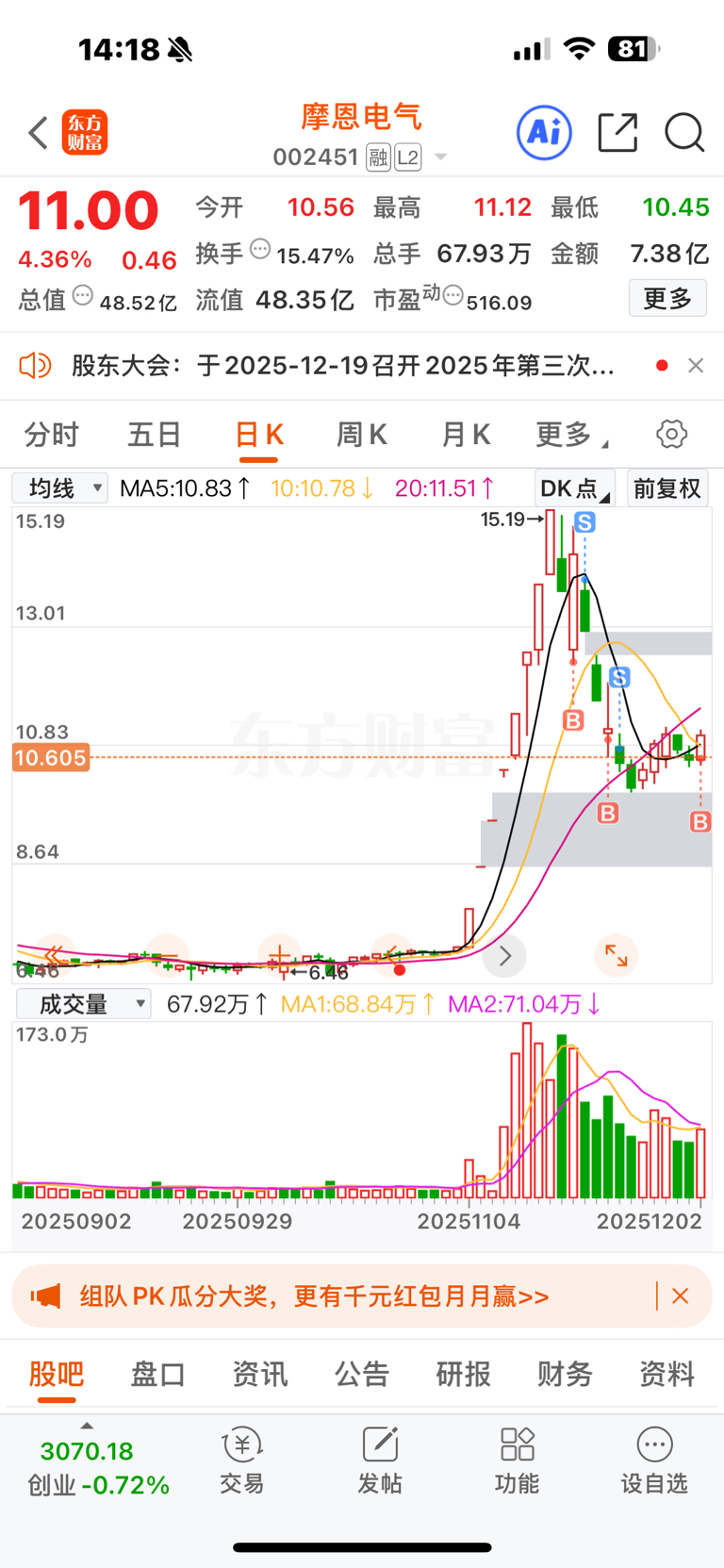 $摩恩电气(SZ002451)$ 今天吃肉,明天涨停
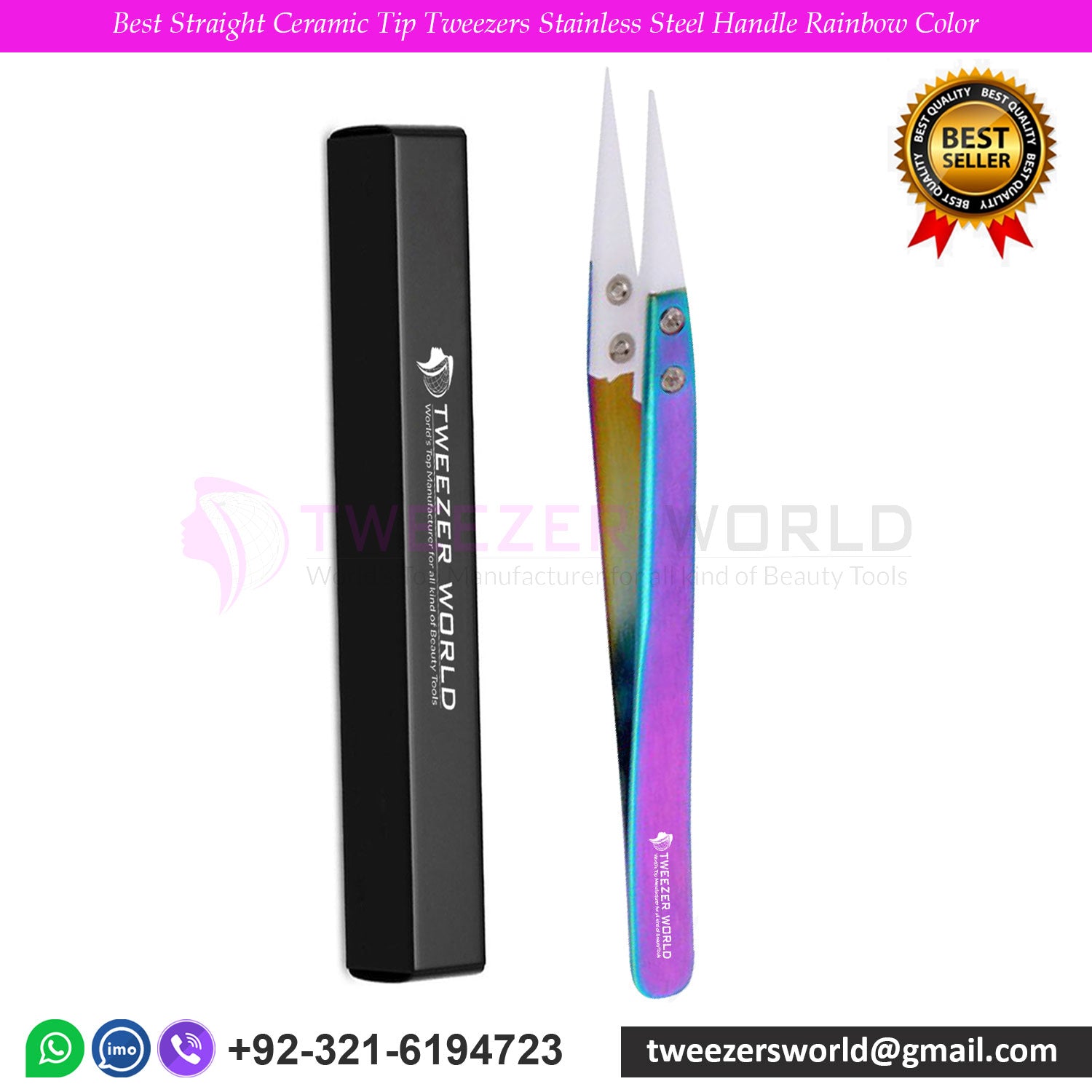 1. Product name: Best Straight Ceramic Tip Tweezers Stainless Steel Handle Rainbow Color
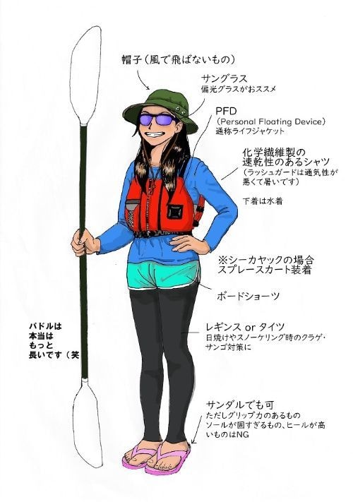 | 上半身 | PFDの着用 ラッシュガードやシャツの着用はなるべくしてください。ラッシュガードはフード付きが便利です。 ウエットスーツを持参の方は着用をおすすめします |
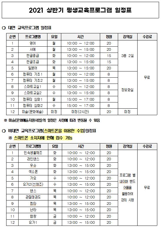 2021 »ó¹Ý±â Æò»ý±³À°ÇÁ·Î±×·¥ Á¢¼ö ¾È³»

+===+

### Exercise brief
The response has to be an exact copy of all the data, pictures excluded.

### Written reply
 $摩恩电气(SZ002451)$ 今天吃肉,明天涨停
 1. Product name: Best Straight Ceramic Tip Tweezers Stainless Steel Handle Rainbow Color
 | 上半身 | PFDの着用 ラッシュガードやシャツの着用はなるべくしてください。ラッシュガードはフード付きが便利です。 ウエットスーツを持参の方は着用をおすすめします |
 2021 »ó¹Ý±â Æò»ý±³À°ÇÁ·Î±×·¥ Á¢¼ö ¾È³»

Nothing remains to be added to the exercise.